C'est ainsi, et c'est pourquoi elle, depuis le commencement du temps, fut choisie parmi les élus. Elle qui est manifestée comme le Saint des Saints, qui a un corps plus pur même que les esprits purifiés par la vertu, est capable de recevoir le Verbe hypostatique du Père sans commencement. Aujourd'hui, la toujours-vierge Marie, comme un Trésor de Dieu, est conservée dans le Saint des Saints, afin qu'en temps voulu, (comme cela s'est passé plus tard) elle serve d'enrichissement et d'ornement au monde entier. Par conséquent, le Christ Dieu glorifie aussi sa Mère, avant la naissance comme après la naissance.
Nous qui comprenons le salut commencé pour nous par la très sainte Vierge, nous lui rendons grâce et louange selon notre capacité. Et vraiment, si la femme reconnaissante (dont nous parle l'évangile), après avoir entendu les paroles salvatrices du Seigneur, bénit et remercia sa Mère, élevant sa voix au-dessus de la clameur de la foule, disant au Christ, «Heureux le sein qui t’a porté ! heureuses les mamelles qui t’ont allaité !» (Lc 11,27), alors nous qui avons les paroles de la Vie éternelle, écrites pour nous en toutes lettres, et non seulement les paroles, mais aussi les miracles et la Passion, et la résurrection des morts de notre nature, et son ascension de la terre au ciel, la promesse de la vie immortelle et le salut inaltérable, comment ne chanterions-nous et ne bénirions-nous alors sans cesse la Mère de l'Auteur de notre salut et du Donateur de Vie, célébrant sa conception et son enfantement et maintenant son Entrée dans le Saint des Saints ?
Maintenant, frères, transportons-nous des choses terrestres aux célestes.

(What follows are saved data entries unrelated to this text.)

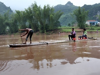 | Phó chủ tịch xã Bình Trung, ông Vi Văn Biên nhà ở thôn Xuân Lũng hàng ngày cũng phải chèo bè đi làm. Giờ đi làm trùng với giờ đến trường của các cháu, ông Biên luôn là người đưa các học sinh sang sông. |
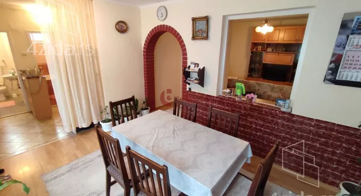 Sastoji se iz dve etaže sa posebnim ulazom. Na prizemlju je ulaz, mala kuhinja, WC, kupailo, trpezarija, dnevna soba i tri spavaća soba. Podovi su parket, laminat i keramičke pločice.
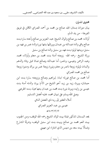 أما محمد بن صالح فورثه ابناه /إبراهيم وصالح وزوجته سارة بنت ابن
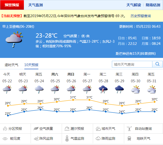 鵬城進入“降雨模式”今日最低溫徘徊在23℃左右
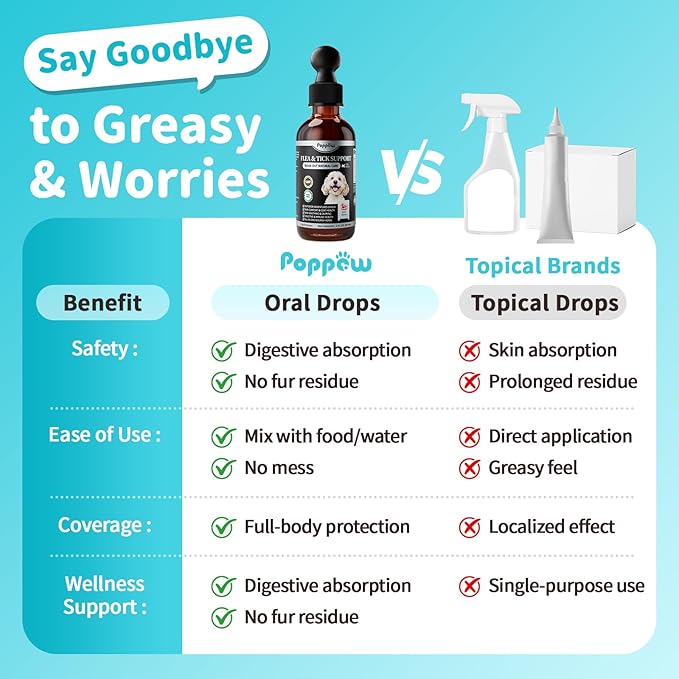 - Natural Flea & Tick Support for Dogs: A gentler way to protect your dogs from fleas & ticks! POPPAW’s oral flea and tick drops provide an easy, plant-based solution for your pets to discourage fleas, ticks, larvae, and mosquitoes, ect. while supporting your pets' overall wellness.
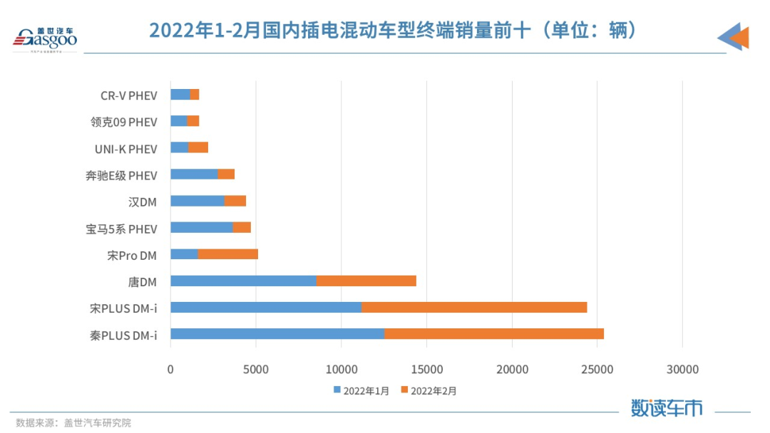 另外,比亚迪终端销量走高背后不仅是产品数量的变化,还与单一车型终端热销的状态有关。举例来说,今年1-2月,秦PLUS DM-i和宋PLUS DM-i单月终端销量均超过1.1万辆,这两款车型在国内插电混动市场位居前两位,两款车型相加已占插电混动市场47%的份额。另外在插电混动市场前十车型销量排名中,比亚迪有5款插混车型入围,而这5款车型共占据国内插混市场约70%的份额。一个无需争议的事实是,比亚迪DM-i系列车型的推出继续稳固了比亚迪在插混市场的地位。
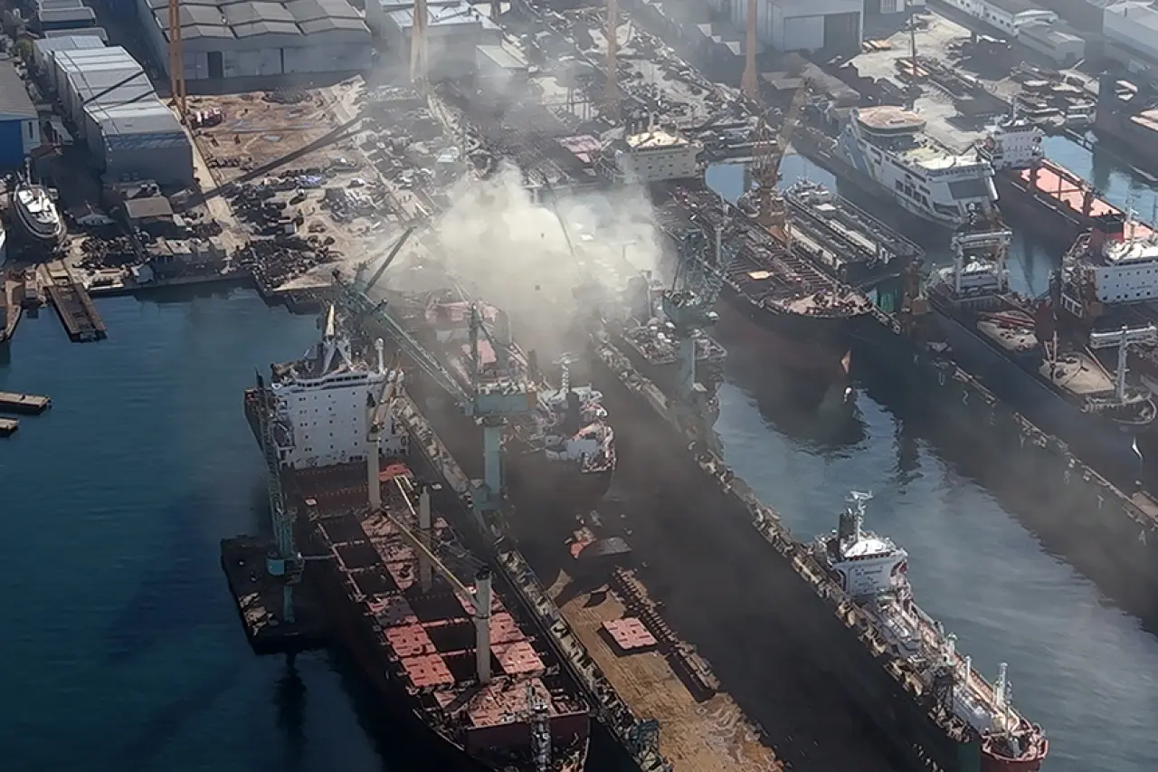 Tersaneler Caddesi'nde bulunan bir tersanedeki gemide henüz belirlenemeyen nedenle yangın çıktı.

Changeons notre chemin de la chair à l'esprit. Changeons notre désir des choses temporelles à celles qui perdurent. Méprisons les délices de la chair, qui servent à séduire notre âme et disparaissent. Désirons les dons spirituels, qui restent intacts. Détournons notre raison et notre attention des soucis terrestres et élevons-les aux demeures inaccessibles des Cieux, au Saint des Saints, où réside maintenant la Mère de Dieu.

Par conséquent, de cette manière nos chants et prières à elle trouveront accès, et ainsi par sa médiation, nous serons héritiers des biens éternels à venir, par la Grâce et l'Amour pour l'homme de Celui qui est né d'elle pour nous, notre Seigneur Jésus Christ, à qui soient gloire, honneur et adoration, avec son Père sans commencement et son Esprit coéternel et créateur de vie, maintenant et toujours et aux siècles des siècles. Amen.